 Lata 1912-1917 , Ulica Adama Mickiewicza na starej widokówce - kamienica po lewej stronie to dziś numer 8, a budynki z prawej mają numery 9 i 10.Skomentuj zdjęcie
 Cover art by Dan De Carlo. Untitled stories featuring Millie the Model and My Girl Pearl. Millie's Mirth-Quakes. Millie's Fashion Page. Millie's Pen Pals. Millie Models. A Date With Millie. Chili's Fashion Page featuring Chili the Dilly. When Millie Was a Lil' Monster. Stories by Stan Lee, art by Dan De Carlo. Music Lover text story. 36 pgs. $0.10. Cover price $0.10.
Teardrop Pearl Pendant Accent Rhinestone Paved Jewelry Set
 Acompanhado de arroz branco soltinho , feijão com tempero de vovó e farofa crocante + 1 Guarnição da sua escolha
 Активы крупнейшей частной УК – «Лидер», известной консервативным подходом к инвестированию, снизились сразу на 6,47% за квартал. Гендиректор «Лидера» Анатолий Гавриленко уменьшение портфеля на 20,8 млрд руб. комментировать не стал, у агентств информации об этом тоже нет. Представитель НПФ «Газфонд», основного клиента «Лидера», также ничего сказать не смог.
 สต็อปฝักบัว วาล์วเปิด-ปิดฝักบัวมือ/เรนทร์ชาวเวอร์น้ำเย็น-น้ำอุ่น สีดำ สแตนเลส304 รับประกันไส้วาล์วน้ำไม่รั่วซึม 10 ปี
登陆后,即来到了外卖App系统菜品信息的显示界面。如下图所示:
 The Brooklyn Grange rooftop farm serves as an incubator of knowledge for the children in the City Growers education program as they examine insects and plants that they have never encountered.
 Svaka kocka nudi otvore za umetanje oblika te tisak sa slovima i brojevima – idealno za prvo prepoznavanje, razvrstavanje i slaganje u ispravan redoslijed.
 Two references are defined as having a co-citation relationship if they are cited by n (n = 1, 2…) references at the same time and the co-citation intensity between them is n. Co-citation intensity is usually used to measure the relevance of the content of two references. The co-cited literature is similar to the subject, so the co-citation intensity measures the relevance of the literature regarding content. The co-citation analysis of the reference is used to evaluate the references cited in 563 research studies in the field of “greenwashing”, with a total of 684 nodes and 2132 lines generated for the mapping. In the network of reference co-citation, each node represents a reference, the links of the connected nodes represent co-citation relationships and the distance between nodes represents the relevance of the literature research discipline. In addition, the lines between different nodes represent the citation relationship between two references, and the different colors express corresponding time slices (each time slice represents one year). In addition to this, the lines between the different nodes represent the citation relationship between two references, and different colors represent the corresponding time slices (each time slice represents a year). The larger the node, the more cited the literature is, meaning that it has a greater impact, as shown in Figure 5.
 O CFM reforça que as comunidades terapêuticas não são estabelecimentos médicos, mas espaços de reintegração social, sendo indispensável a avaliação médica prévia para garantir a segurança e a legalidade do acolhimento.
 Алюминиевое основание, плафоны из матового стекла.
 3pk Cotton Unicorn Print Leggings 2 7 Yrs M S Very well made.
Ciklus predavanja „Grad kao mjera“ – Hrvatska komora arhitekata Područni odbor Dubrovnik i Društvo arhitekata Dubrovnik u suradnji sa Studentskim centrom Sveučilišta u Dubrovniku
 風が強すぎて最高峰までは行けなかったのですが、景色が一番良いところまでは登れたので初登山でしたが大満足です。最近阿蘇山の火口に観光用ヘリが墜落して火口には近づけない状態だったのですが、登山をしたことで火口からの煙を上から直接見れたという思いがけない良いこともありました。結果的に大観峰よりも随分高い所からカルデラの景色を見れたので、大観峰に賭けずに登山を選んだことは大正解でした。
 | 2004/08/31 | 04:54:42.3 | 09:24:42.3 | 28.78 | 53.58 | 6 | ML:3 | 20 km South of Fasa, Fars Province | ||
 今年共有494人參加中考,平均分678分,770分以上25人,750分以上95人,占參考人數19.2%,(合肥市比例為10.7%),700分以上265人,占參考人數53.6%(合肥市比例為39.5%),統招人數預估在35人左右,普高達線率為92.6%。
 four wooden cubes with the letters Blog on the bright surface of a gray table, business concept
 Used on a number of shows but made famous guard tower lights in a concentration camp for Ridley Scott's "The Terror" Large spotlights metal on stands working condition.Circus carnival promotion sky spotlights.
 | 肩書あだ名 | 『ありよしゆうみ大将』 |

******

Whenever a line above has the word "made" in it, copy that line.

 3pk Cotton Unicorn Print Leggings 2 7 Yrs M S Very well made.
 Used on a number of shows but made famous guard tower lights in a concentration camp for Ridley Scott's "The Terror" Large spotlights metal on stands working condition.Circus carnival promotion sky spotlights.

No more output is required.